Except they’re not. On May 18, EPA published a final rule rescinding the rule it had issued implementing E.O. 13891. In explaining why it was OK for EPA to free itself from the obligation to provide access to all of its currently effective guidance documents on a single Web page, EPA said “The EPA will continue to make Agency guidance available to the public on the Agency’s website at https://www.epa.gov.” But that’s the agency’s home page, not a page dedicated to guidance documents. In other words, “all our guidance documents are on our website, somewhere. Good luck!” The Agency still maintains a guidance landing page (https://www.epa.gov/guidance). But it was newly updated on May 11. And now, it says the following (note italicized words):
As part of its mission to protect human health and the environment, EPA works to inform and educate the public about its policies and activities. This includes issuing materials that could be broadly considered “guidance” such as interpretive memoranda, policy statements, manuals, bulletins, and advisories. Users can find and access many of these materials by searching topics of interest through one of the following areas:
• Regulatory and Guidance Information by Topic
Alternatively, users can visit any https://epa.gov page, and use the “Search Epa.gov” box in the upper-right corner of the page. If you do not find what you are looking for, you may wish to contact a hotline or reach out via “Contact Us” on the page most closely related to your topic of interest.
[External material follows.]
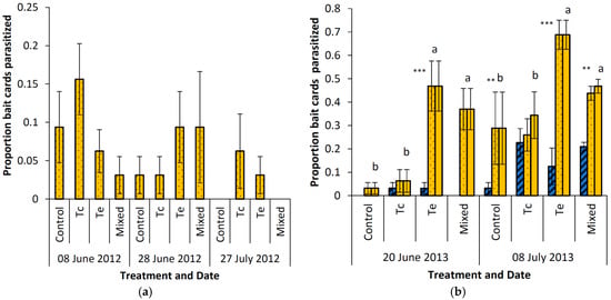 Trichogramma activity assessed as mean proportion (±SE) of bait cards being parasitized with Trichogramma evanescens (orange and dotted), T. cacoeciae (blue and hatched) and the total proportion bait cards being parasitized (purple) in a completely randomized block experiment with three treatments; mass release using Trichocards® of T. evanescens (Te), T. cacoeciae (Tc), a mix of the two species (Mixed) and a control in (a) 2012, where only T. evanescens emerged and no significant differences were found between treatments; (b) in 2013 where both species emerged. Letters indicate significant differences between total proportion bait cards parasitized based on pairwise comparisons of ls-means. Asterisks indicate significant differences (Chi-square test, * p <0.05, ** p <0.01, *** p <0.001) between proportion cards found by the two species within a treatment.

There are two likely reasons why EPA backpedaled like this. The more innocent is that keeping track of what guidance is “in effect,” and posting all and only such documents via a central Web portal, is logistically challenging and requires resources that could be spent on other activities. The other reason is strategic: EPA benefits when its staff, particularly its lawyers, know which guidance documents are important for which issues – and the public doesn’t. These situations allow EPA staff to play guidance documents like trump cards in a way that they could not if all the guidance cards were face up on the same table. Of course, the ability of agencies to deploy “secret law” was a chief impetus behind the APA (which includes FOIA). The arc of the regulatory universe is long, but it bends toward transparency and fairness. It’s disappointing to see this Administration, in particular, try to bend it in a different direction.
Jamie Conrad is the Principal of Conrad Law & Policy Counsel in Washington, D.C., and a former Chair of the ABA’s Section of Administrative Law & Regulatory Practice.